-- Exercise description --
Exactly as written, reproduce the lines from the beginning of the data through the line containing "1920S Error Coin"; the pictures are not reproduced.

-- Data block --
────────────────────────────────────────
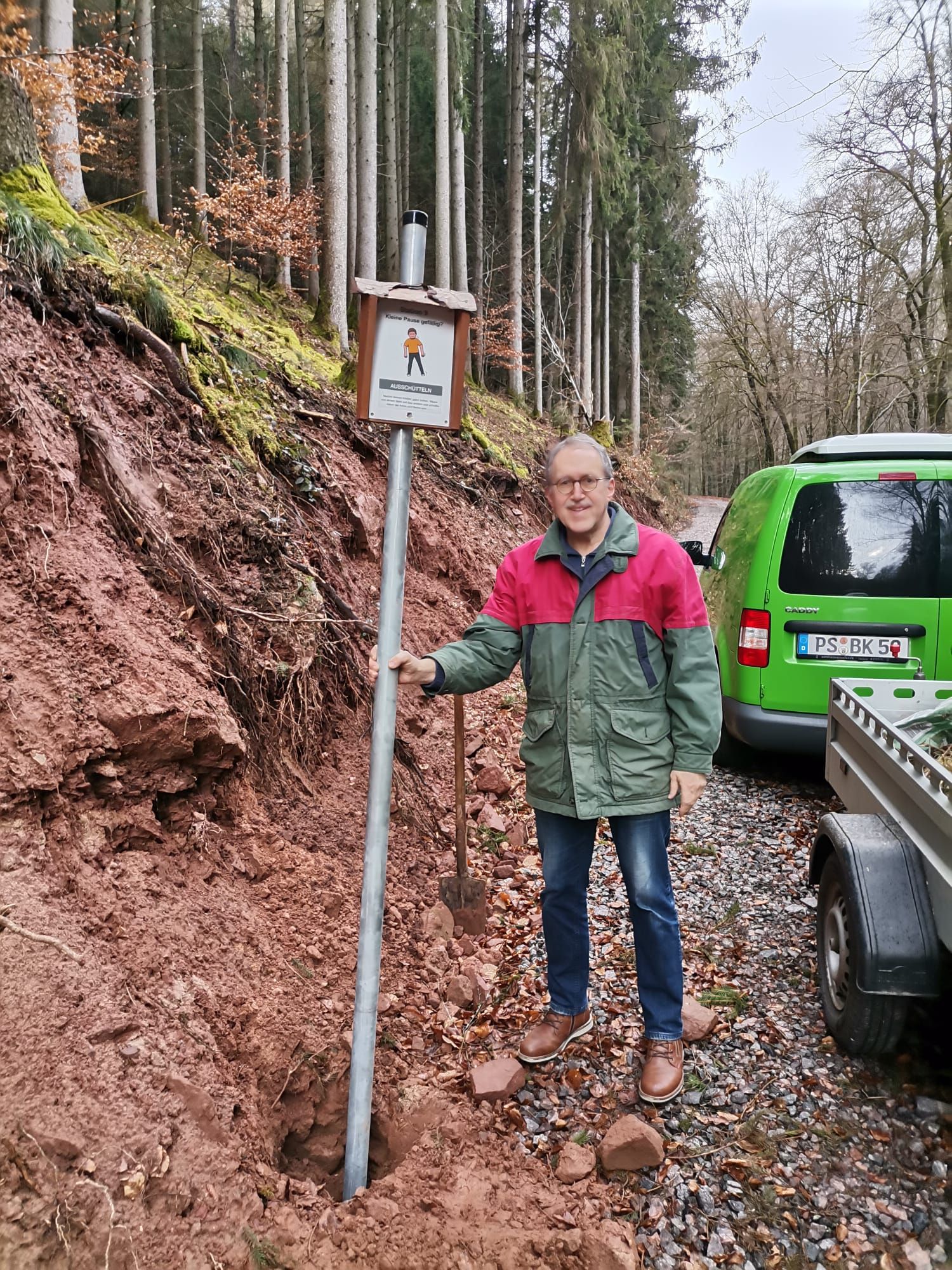 Diese Woche wurde die Beschilderung am Heidenberg komplettiert. Auch Gerhard war mit dabei; so gings flott voran:
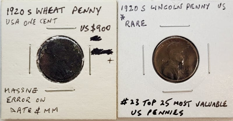 1920S Error Coin - Number 23 , Top 25 Most Valuable Us Penny'S, Catalogue Value Up To $999 ( Without Error ) Major Mint Error On Date And Mint Mark
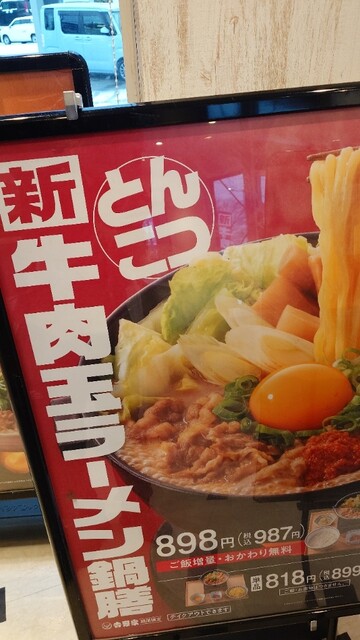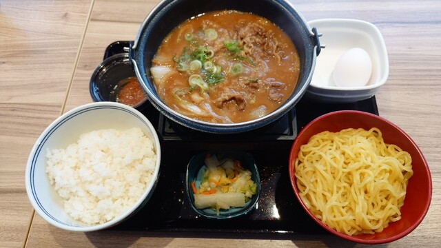 今日これから妻は夜勤で、朝ご飯を腹いっぱい食べてから仮眠したいという要望があった。また私は私で、今月8日に最大震度6強を観測した青森県東方沖の地震から1週間以内は何が起きるかわからないし、早めに自家用車の燃料を満タンにしておきたいと思いがあり急いでガソリンスタントへ行きたかった。そんな夫婦が願う両方の予定を同時に満たすのが当店だ。なんとENEOSガメイの同敷地内に吉野家があり、愛車も人間も満腹になれる。妻は牛肉玉ラーメン鍋膳(とんこつ)。私はWハムエッグ牛小鉢定食+キムチ+塩さば。昨今の人手不足によりキッチンとホールには1人ずつの人員配置で、注文から提供時間までは10分とファストフード店にしちゃスローペースだ。しかしながら、肉玉ラーメンは固形燃料でクツクツ煮込まれた鍋は贅沢そのもの。鉄鍋で焼かれたハムエッグも美味かった。
────────────────────────────────────────
-- Response to this task --
 Diese Woche wurde die Beschilderung am Heidenberg komplettiert. Auch Gerhard war mit dabei; so gings flott voran:
 1920S Error Coin - Number 23 , Top 25 Most Valuable Us Penny'S, Catalogue Value Up To $999 ( Without Error ) Major Mint Error On Date And Mint Mark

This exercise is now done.